» PROBLEM TO WORK ON
Give the data below again exactly as written, but without the pictures.

» DATA
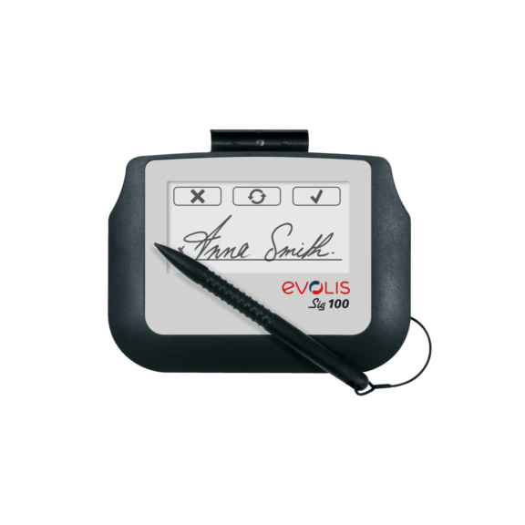 Model is a tablet with a large signing surface. Its color screen is ideal for optimizing the signing process at a counter or in an office.
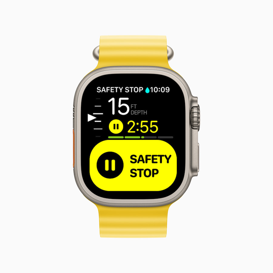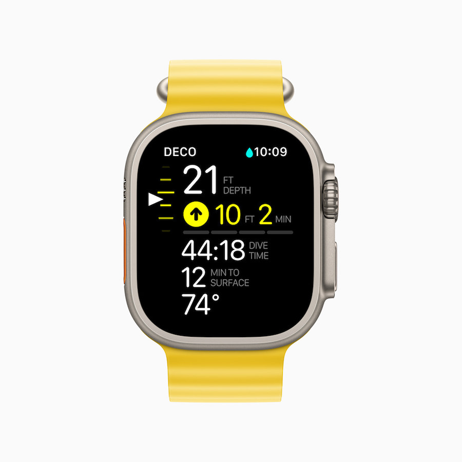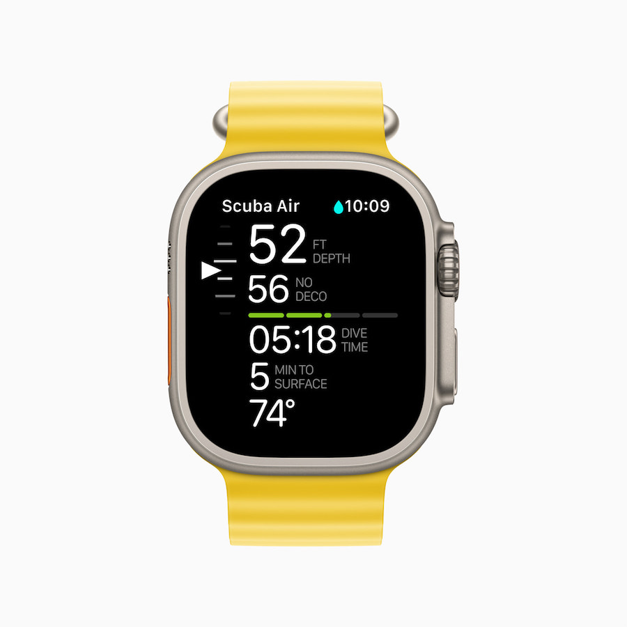 แอป Ocenic+ ออกแบบโดย Huish Outdoors ร่วมกับ Apple ช่วยให้นักดำน้ำสกูบาเชิงนันทนาการ สามารถนำนาฬิกาที่ใส่อยู่ในชีวิตประจำวันดำลงไปสู่ความลึกสูงสุด 40 เมตร ด้วยตัววัดความลึกแบบใหม่หมด และเซ็นเซอร์วัดอุณหภูมิน้ำบน Apple Watch Ultra
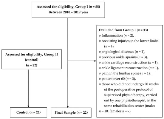 Initially, 55 patients (n = 48 men and n = 7 women) were included in the study, after surgical suturing of the Achilles tendon using an open method (SSATOM). The following inclusion criteria were applied: Unilateral surgical suturing of Achilles tendon (AT) using the open method, conducting postoperative supervised physiotherapy in patients by one physiotherapist, in accordance with one physiotherapy protocol, absence of concomitant lesions of the lower limbs, spine and concomitant diseases, and individuals between 20 and 60 years of age. Physiotherapy was carried out in the same rehabilitation center, using the same devices and experimental apparatus. On the basis of history and medical records, some patients were excluded from the initial group due to the following reasons: Inflammation (n = 2), coexisting injuries to the lower limbs (n = 4), angiologic diseases (n = 1), previous ankle sprains (n = 3), ankle cartilage reconstruction (n = 1), and ankle ligament reconstruction (n = 1). Subsequently, patients with pain in the lumbar spine (n = 1), patients who were more than 60 years old (n = 3) and less than 20 years old (n = 0), as well as those who did not undergo 20 weeks of the postoperative protocol of supervised physiotherapy, carried out by one physiotherapist, in the same rehabilitation center (n = 10 men and n = 7 women) (Figure 1) were excluded from the study [11]. Finally, 22 men with no AT rupture or other concomitant lower limb injuries were qualified for Group II (Figure 1).

» RESPONSE
 Model is a tablet with a large signing surface. Its color screen is ideal for optimizing the signing process at a counter or in an office.
 แอป Ocenic+ ออกแบบโดย Huish Outdoors ร่วมกับ Apple ช่วยให้นักดำน้ำสกูบาเชิงนันทนาการ สามารถนำนาฬิกาที่ใส่อยู่ในชีวิตประจำวันดำลงไปสู่ความลึกสูงสุด 40 เมตร ด้วยตัววัดความลึกแบบใหม่หมด และเซ็นเซอร์วัดอุณหภูมิน้ำบน Apple Watch Ultra
 Initially, 55 patients (n = 48 men and n = 7 women) were included in the study, after surgical suturing of the Achilles tendon using an open method (SSATOM). The following inclusion criteria were applied: Unilateral surgical suturing of Achilles tendon (AT) using the open method, conducting postoperative supervised physiotherapy in patients by one physiotherapist, in accordance with one physiotherapy protocol, absence of concomitant lesions of the lower limbs, spine and concomitant diseases, and individuals between 20 and 60 years of age. Physiotherapy was carried out in the same rehabilitation center, using the same devices and experimental apparatus. On the basis of history and medical records, some patients were excluded from the initial group due to the following reasons: Inflammation (n = 2), coexisting injuries to the lower limbs (n = 4), angiologic diseases (n = 1), previous ankle sprains (n = 3), ankle cartilage reconstruction (n = 1), and ankle ligament reconstruction (n = 1). Subsequently, patients with pain in the lumbar spine (n = 1), patients who were more than 60 years old (n = 3) and less than 20 years old (n = 0), as well as those who did not undergo 20 weeks of the postoperative protocol of supervised physiotherapy, carried out by one physiotherapist, in the same rehabilitation center (n = 10 men and n = 7 women) (Figure 1) were excluded from the study [11]. Finally, 22 men with no AT rupture or other concomitant lower limb injuries were qualified for Group II (Figure 1).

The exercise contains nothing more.